先日、米カリフォルニア州の研究室の水槽で、魚同士を対決させる実験「ピラニア vs コリドラス」が行われた。ピラニアは鋭い歯をもつアマゾンの肉食魚、コリドラスはとぼけたような顔つきをした、体長3cmほどのナマズ目の魚だ。
ピラニアはコリドラスを水槽の隅に追い詰めると、大きく口を開けて1回、2回、最終的には10回噛み付いた。しかし、コリドラスはなんでもない様子で、身をくねらせてゆっくりとその場を離れていった。少しムッとしているように見えたが、どこも傷ついてはいなかった。(参考記事:「【動画】ピラニアだらけの川に肉を放るとこうなる」)
「この魚は驚いたら素早く逃げますが、そんな反応さえ見せませんでした」と、米カリフォルニア州立大学フラトン校の生物学准教授であるミスティ・ぺイグ=トラン氏は、ほほ笑みながら説明する。「まるで『何をしているの? うっとうしいわね』と文句を言っているようでしょう?」
コリドラスはなぜ、こんな目にあっても平気なのだろう? ぺイグ=トラン氏らが学術誌「アクタ・バイオマテリアリア(Acta Biomaterialia)」に2020年11月に発表した研究によると、その秘密は彼らがまとう鎧にあるという。コラーゲンとミネラルでできた特殊なウロコが、すぐれた防御力を発揮しているのだ。研究者たちは、このウロコを模倣して従来の素材よりも強くて軽い新素材を開発できれば、防弾服などに利用できるのではないかと期待している。
ピラニアの歯から生き延びる
コリドラス・トリリネアトゥス(Corydoras trilineatus)は、英語で「アーマード・キャットフィッシュ(装甲ナマズ)」と呼ばれる、ナマズ目カリクティス科の魚である。南米のアマゾン川とその支流で、泥底の餌を探して暮らしている。

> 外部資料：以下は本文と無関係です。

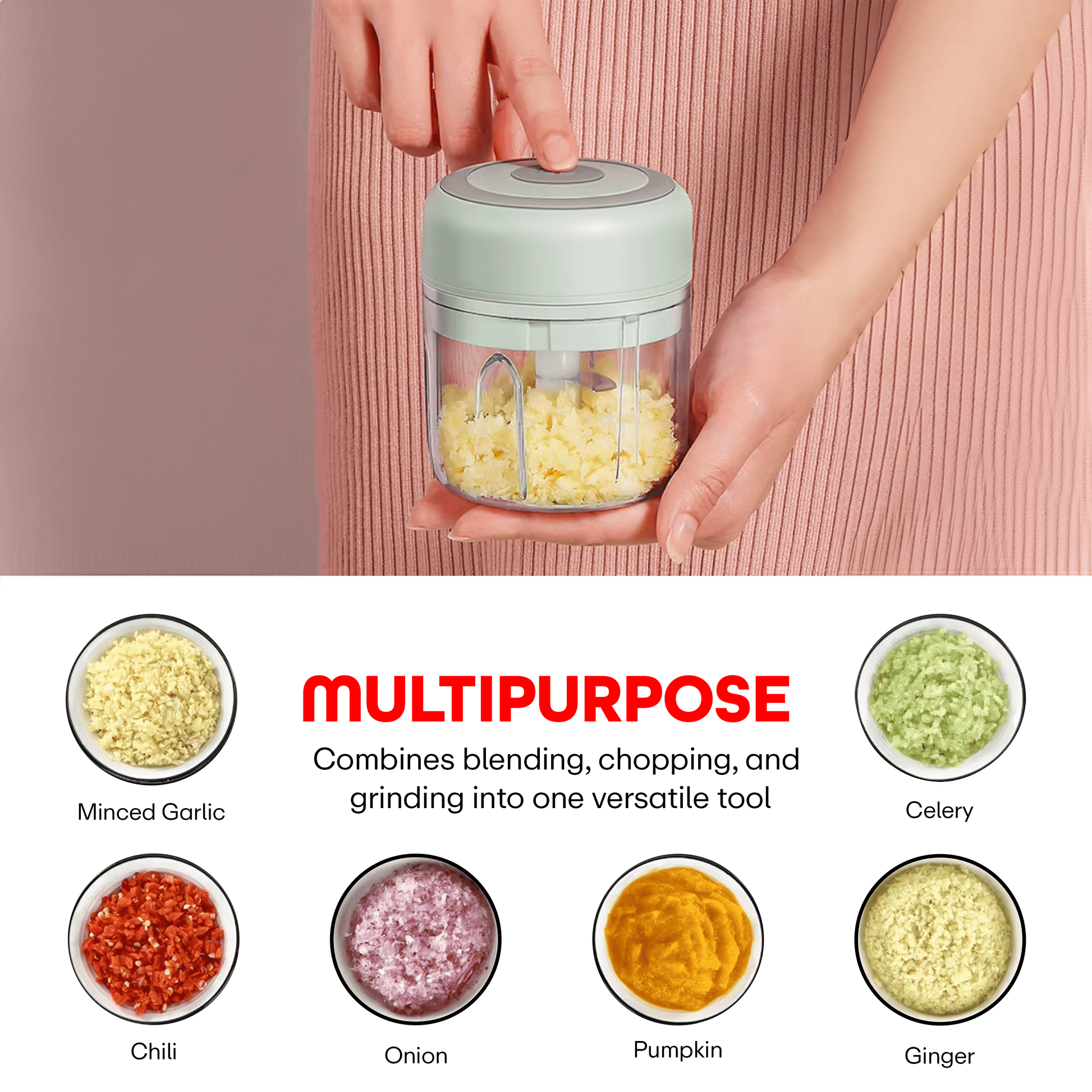 Quickly Chop: The sharp blade of the garlic chopper can quickly chop garlic, seasonings, nuts, vegetables, meat, ice cubes, etc. It is very suitable for small foods. You can use it for cooking, baby food supplement, smoothie drinks.

コリドラスの体長は3〜5cm程度しかないため、オオカワウソやアマゾンカワイルカなどの大型の捕食者によって丸ごと食べられてしまうことはある。けれどもピラニア、特にコリドラスに興味を持つような小型のピラニアに対しては、硬いウロコが生き延びる助けになる。

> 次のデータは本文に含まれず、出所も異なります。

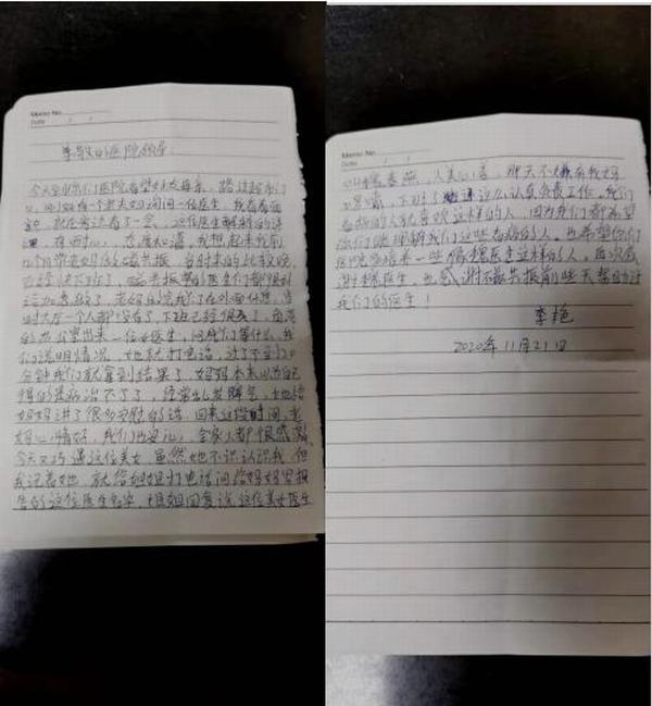 2020年11月21日,一封真诚质朴的感谢信驱散了冬天的寒冷,带着暖阳般的温暖送到了CT/MRI室工作人员的手中,信中内容概括如下:李艳女士在我院探望亲友之时,路过超市门口时听到了一位医生正在向一对老夫妇耐心解释问题,面对此情此景她回想起了她带母亲来我院就诊时的情景,在她们做完检查在下班后空无一人的待诊大厅中焦急等待时,同样是这位医生看到了她们,主动上前询问并帮助她们尽快拿到了就诊结果,并耐心劝慰她和母亲,使得她母亲的心情放松愉快起来。对此,李艳女士经过打听询问后知道了这位医生的名字,她就是延安大学咸阳医院CT/MRI室责任总医师魏春燕同志。在我科室接到信件向魏医生询问时,魏医生谦虚地说道:“其实我们科室很多人都是这样做的,只是我可能被患者和家属注意到了,能收到这封信真的很感动,要向她们表示我真诚的谢意”。

研究では、飼育下のピラニア(Pygocentrus nattereri)をコリドラスの水槽に入れた。今回の論文の著者で、現在は米チャップマン大学に所属するアンドリュー・ロウ氏は、コリドラスはやられてしまうだろうと予想していた。ピラニア愛好家が公開している動画では、コリドラスほどのサイズの魚(鎧はもたない)が餌として与えられ、ピラニアが腹を1回噛んだだけで内臓を引きずり出していたからだ。

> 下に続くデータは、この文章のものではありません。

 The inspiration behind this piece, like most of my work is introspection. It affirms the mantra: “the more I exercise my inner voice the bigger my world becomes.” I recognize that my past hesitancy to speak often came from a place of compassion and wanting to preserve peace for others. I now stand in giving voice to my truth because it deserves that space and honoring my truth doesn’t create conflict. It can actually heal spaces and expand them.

しかし、コリドラスは生き延びた。彼らの急所はエラの周りのウロコに覆われていない部分で、ここを狙って噛まれたらひとたまりもないのだが、胸びれと背中にある鋭いトゲを広げて、ピラニアの攻撃から身を守ることができる。
ピラニアは通常、獲物の尾を攻撃するが、鎧に守られたコリドラスの尾を食いちぎるのは難しく、平均8回も噛みつかなければならなかった。腹部のウロコを突き破るにはさらに苦労していた。